I'd suggest you try one more thing before you get wrapped around the axle applying "fixes."

1) Open the offending PDF.

2) Zoom in to 200%, then 300%, then 400%. Be sure you can see samples of both the text that doesn't seem to be artificially thickened, as well as the text that does.

If you find, at a high display percentage, that the text no longer appears to be thickened, you've run across a long-running flaw of Acrobat displaying some documents.

On an infrequent, but consistent to a document basis on a given system, Acrobat's display will render with an artificial "thickening" of text characters. The reason I suggest zooming in to several different percentages is that the problem "clears up" at different percentages for different documents, on different systems.

If it's any consolation, if this is your problem it will invariably print fine. And if you have multiple systems in your shop, you'll often find that the display rendering is different on different systems -- or that the zoom percentage that "clears it up" will be.

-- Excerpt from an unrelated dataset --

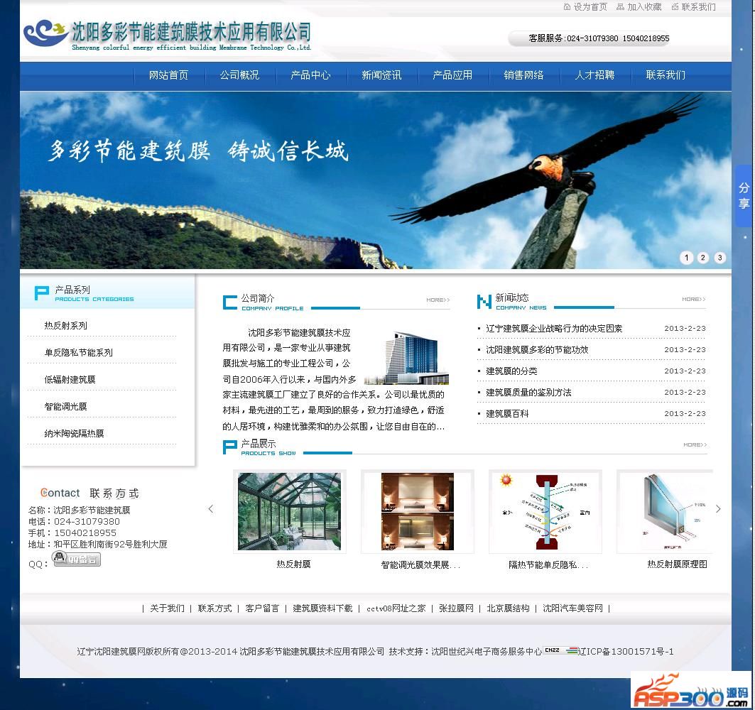 建筑膜网由沈阳世纪兴电子商务服务中心独家为沈阳多彩节能建筑膜技术应用有限公司开发,与元宵节正式上线,现通过asp300源码站免费为大家开源共享全站代码,附有404错误处理页,用户名和密码是admin,如有问题请到官方站www.lnjyzy.com进行在线留言,我们业余时间会为您解答各种建站疑难问题。
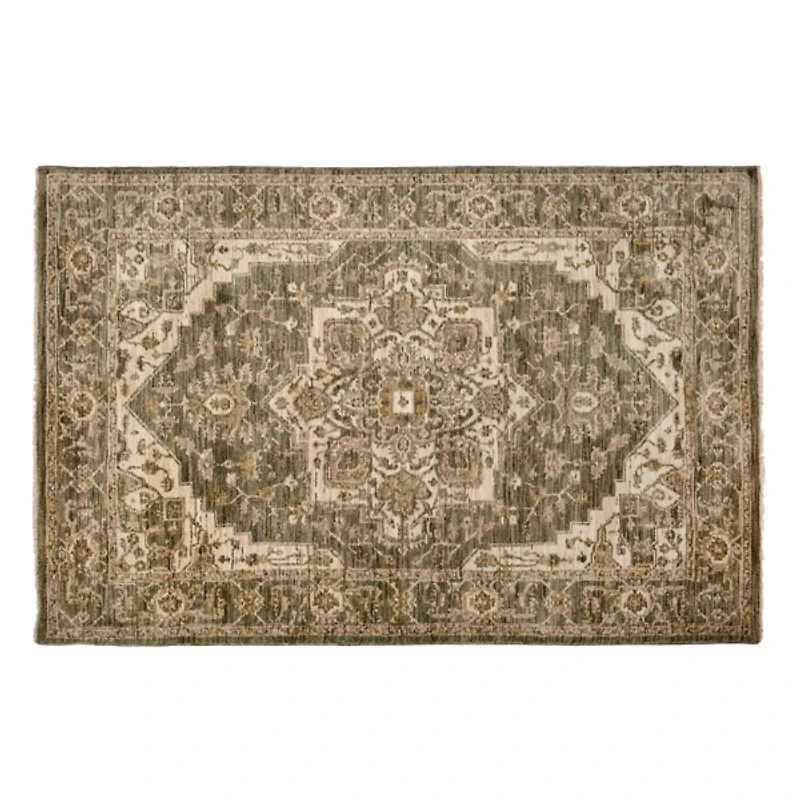 With a traditional design in earthy tones, this Green Santiago Medallion Area Rug will complete your space in a beautifully unique way. It's the perfect base for any room! Rug measures 5 ft. in length x 7 ft. 6 in. in height Crafted of polyester Power loomed construction Medallion pattern Hues of green, ivory, and tan Rug pad not included Care: Vacuum regularly. Professional cleaning recommended. Not safe for outdoor use. Contact your local Kirkland's store for availability. Quantities and selection may vary by location.

I can't definitively say that this is your problem. I work on print-intent documents all day, every day, and I see this happen maybe every other month or so. But I run across this problem often enough that it's the first thing I check before I start trying to apply any fixes to a PDF with this issue. If your PDF is intended for print, I'd ignore it -- and just grumble to myself that WYSIWYG is once again one of those great lies like "the check is in the mail" while I output it. If it's intent is online or other digital display, I'd first check it on another machine (or two), and grumble a little louder to myself about it before I start messing with the PDF file.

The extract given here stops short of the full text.